Critical for the performance of our economy in 2021 and beyond is the strength of consumer spending. This week also provided an update on momentum in the sector in early 2021. Although the volume of retail sales fell 0.5% in the three months to March, this follows considerable strength through much of 2020. As a result, at March, retail spending was 5.9% higher than prior to the pandemic.
It is also worth emphasising that spending in the March quarter was affected by several mini lockdowns related to COVID-19 and heavy rain/ flooding in the eastern states. We are also at the point in the pandemic recovery where services spending is rebounding as social distancing restrictions ease and consumers become confident that risks related to the virus are limited. Note that at December 2020, discretionary services spending was still down 27% on its pre-pandemic level. This sub-sector of spending, much of which is outside the scope of the retail sales survey, therefore holds considerable promise for household consumption in the quarters ahead.
Moving offshore, the US economy was again in the spotlight this week as the April CPI surprised materially to the upside. Headline consumer prices rose 0.8% in the month and core prices (excluding food and energy) were stronger still, gaining 0.9%. Consequently, annual inflation leapt to 4.2%yr and 3.6%yr respectively for headline and core prices.
Looking into the detail, these outcomes are the very definition of a transitory surge in prices. Sectors of the economy re-opening as the vaccine rollout takes effect saw prices storm higher – examples include accommodation away from home as well as the cost of tickets to leisure activities.

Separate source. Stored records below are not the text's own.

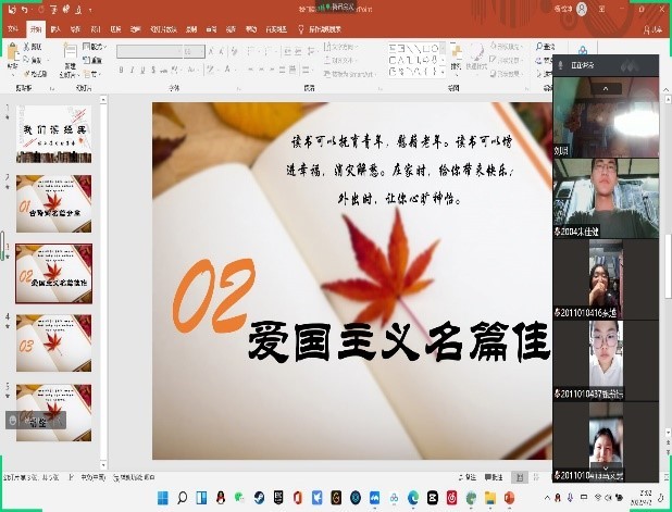 为调动员工们读书的积极性,激发员工读书的兴趣,多读书、读好书,营造良好的读书环境,以滋养人文情怀,公司各团支部积极开展线上读书分享会,朗读习近平总书记经典讲话、抗击疫情优秀报道、爱国主义名篇佳作、古诗词名篇等,引导员工在读书与思考当中厚植爱国主义情怀,提升修养,涵育理性平和的心境品格。
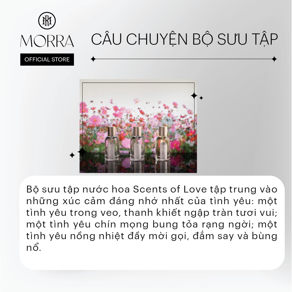 - “Mỗi mùi hương đều được Morra tính toán cẩn thận trong từng công thức, từng câu chuyện cảm hứng riêng. Mỗi chai nước hoa là một quá trình của sự chăm chút, tỉ mỉ và toàn tâm của nhân viên pha chế. Chúng tôi mong muốn mang lại những trải nghiệm tuyệt vời cho tất cả mọi người khi sử dụng nước hoa Morra.”
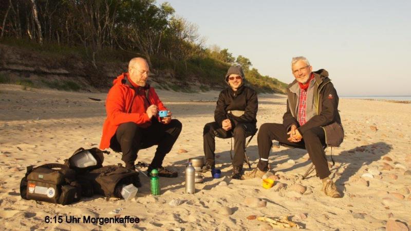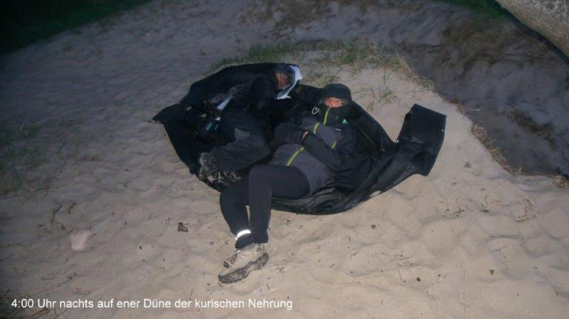 Nur in Zelenogradsk (Canz) müssen wir nochmal eine Korrektur vornehmen, da wir die A191 aus Versehen verlassen haben und in die Stadt rein gefahren waren. Keiner von uns hat irgendeine Müdigkeit verspürt und es war so toll zu fahren im nahezu autofreien Verkehr über glatte Schlagloch freie Straßen. Etwas anderes war uns noch aufgefallen, Heiner und Karl-Josef hatten die gelben Warnwesten angezogen, die mit dem Aufdruck 1,5m Abstandhalten zum Radfahrer, und genau solche Westen tragen hier in Russland die Polizisten. Nun, wir haben uns immer gewundert, dass die überholenden oder entgegenkommenden Autos immer so langsam und rücksichtsvoll an uns vorbei fuhren. Die Warnwesten haben nachts eine erstaunlich weite Leuchtkraft und so mancher russischer Raser (in Russland ist das Auto ein Statussymbol und was der Tacho hergibt, muss auch ausgenutzt werden) wird in der Nacht, als er an uns vorbei gefahren ist gedacht haben, jetzt fahren die Bullen nachts schon auf dem Fahrrad Streife! Interessant auch, als wir 2 mal angehalten haben, um zu verschnaufen, wie zahm die Autos an uns vorbeigekrochen sind, weil sie eine nächtliche Kontrolle vermuteten. Als wir die Einfahrt zur Kurischen Nehrung erreichen, sind wir etwas erstaunt, da auf der Einfahrtseite (rechts) eine Schranke die Zufahrt blockiert. Daneben ist ein Kassenhäuschen und wir wissen nicht, was es damit auf sich hat, da alles nur kyrillisch beschrieben ist. Heiner entscheidet für uns, wir fahren einfach weiter. Nachdem auch 2 Autos einer entgegenkommend und der andere in Fahrtrichtung einfach um die Schranke herum fahren, folgen wir der Heiner’schen Entscheidung und fahren einfach in die fast 100km lange Kurische Nehrung herein. Nach ca. 20km weiterem Radeln und etwa 4:00 Uhr morgens merken wir doch die aufkommende Müdigkeit und Karl-Josef und sein Navi verraten uns einen kleinen Pfad der auf die Seite zur Ostsee führt (die andere Seite ist ja das “Kurische Haff“). Über einen schmalen Pfad schieben wir unsere Räder und kommen an einer Düne an. Wir lehnen unsere Räder an Bäume und erklimmen die Düne. Heiner hat die glorreiche Idee, die Zeltunterlage vom großen Zelt als Liegefläche zu nutzen und wir legen uns so gut es geht nieder. Um es genauer zu erklären, da es am Vortag ja rel. warm war einfach ohne zusätzlich Zudeckung! Karl-Josef und mein Problem war dann allerdings, dass es uns doch mit der Zeit zu kalt wurde (Heiner schläft ja in allen Situationen problemlos). Nach einem kurzen Nickerchen stehe ich auf und entdecke am Strand ein Licht, wo in einiger Entfernung Jemand mit Stirnlampe am Wellenrand etwas absucht. Ok, ich lege mich wieder hin und versuche trotz der Kälte etwas zu schlafen. Irgendwann höre ich Karl-Josef jemanden freundlich grüßen. Der Mann schiebt ein rostiges Fahrrad mit sich. Was er am Strand gesucht hat, bleibt sein Geheimnis. Aber dass er ausgerechnet da, wo wir unser Nachtlager am Strand aufgeschlagen hatten vorbeikommen musste, war schon merkwürdig. Natürlich hatten wir etwas Sorge um unsere Fahrräder und das Gepäck, dass wir natürlich alles darauf gelassen hatten, aber es gab keine weiteren Schwierigkeiten. Gegen 5:00 Uhr setzt die Morgendämmerung ein und ich erkundete in einem ersten Antritt den Strand. Der Versuch, ein kleines Feuer zum Wärmen zu entzünden schlägt fehl, da alles durch den Morgentau viel zu nass ist. Daher kam dann später doch der Benzinkocher zum Einsatz, um Wasser für einen Kaffee zu kochen. Letztlich sitzen wir 3 dann auf unseren 3Beinhockern und genießen frischen Kaffee direkt am Strand mit dem Geräusch der Brandung als Untermalung. Als die Sonne unsere Glieder aufgewärmt hat, machen wir uns wieder auf unsere Räder und es geht weiter in Richtung Osten. Als wir nach etlichen Kilometer eine abzweigende Straße in Richtung Haff entdecken, wollen wir hier auch einen Blick drauf werfen. Das Haff ist so groß, dass man die Landseite teilweise nicht mehr sehen kann. Das Ufer ist mit hohem Schilf bewachsen. Es gibt einen kleinen Anlegesteg mit einem kleinen Motorboot. Auf einem Tisch stehen mehrere Körbe mit Fischen und 2 Frauen wiegen, vermessen und nehmen jeweils eine Schuppenprobe von den Fischen. Nun wurde uns klar, woher der Verwesungsgeruch kam, den wir immer wieder wahrgenommen haben. Auch an anderen Stellen, wo wir einen Blick auf das Haff werfen, liegen überall tote Fische am Ufer. Hier scheint eine ökologische Katastrophe vorzuliegen. Da wir heute Samstag haben, gibt es relativ wenig Verkehr auf der Straße und dann sind wir auch schon kurz nach Mittag an der russisch – litauischen Grenze. Ein netter russischer Grenzbeamter bringt seine deutschen Brocken an den Mann. Ein ganz entspannter und angenehmer Dialog. Bei der litauischen Grenzstation werden wir nur durchgewunken. Am frühen Nachmittag kommen wir nach Nida (Nidden) wo es einen Campingplatz gibt. Hier wird zunächst Geld gezogen und anschließend gehen wir essen. Trotz des Verwesungsgeruchs aus dem Kurischen Haff bestellt Heiner Fisch, was uns einige Kommentare entlockt. Ansonsten ist Nida sehr touristisch ausgerichtet. Auf dem Campingplatz überwiegen holländische Campingwagenfetischisten, aber hier treffen wir auch Radreisende an. Es gibt etwas Regen und in einiger Entfernung tobt ein Gewitter, was uns aber nicht abhält den verpassten Schlaf der vergangenen Nacht ausgiebig nachzuholen.

The biggest contributor to both headline and core inflation prices in the month was used car prices. They rose 10% in the month to be up more than 20% on a year ago. This incredible increase is a function of supply disruptions restricting the availability of new cars and the large cash payments made to households recently as part of President Biden’s stimulus. Simply, for many low and middle-income households, these stimulus payments are making long-desired purchases possible, and households are taking up the opportunity.
Before concluding, it is worth noting that FOMC members also continue to see this jump in inflation as temporary. The take-home point from their comments this week is that inflation will most likely slow back to near target in 2022, and that there is still much to do to heal the economy from the ill effects of the pandemic. Policy therefore still needs to remain extraordinarily accommodative for the foreseeable future.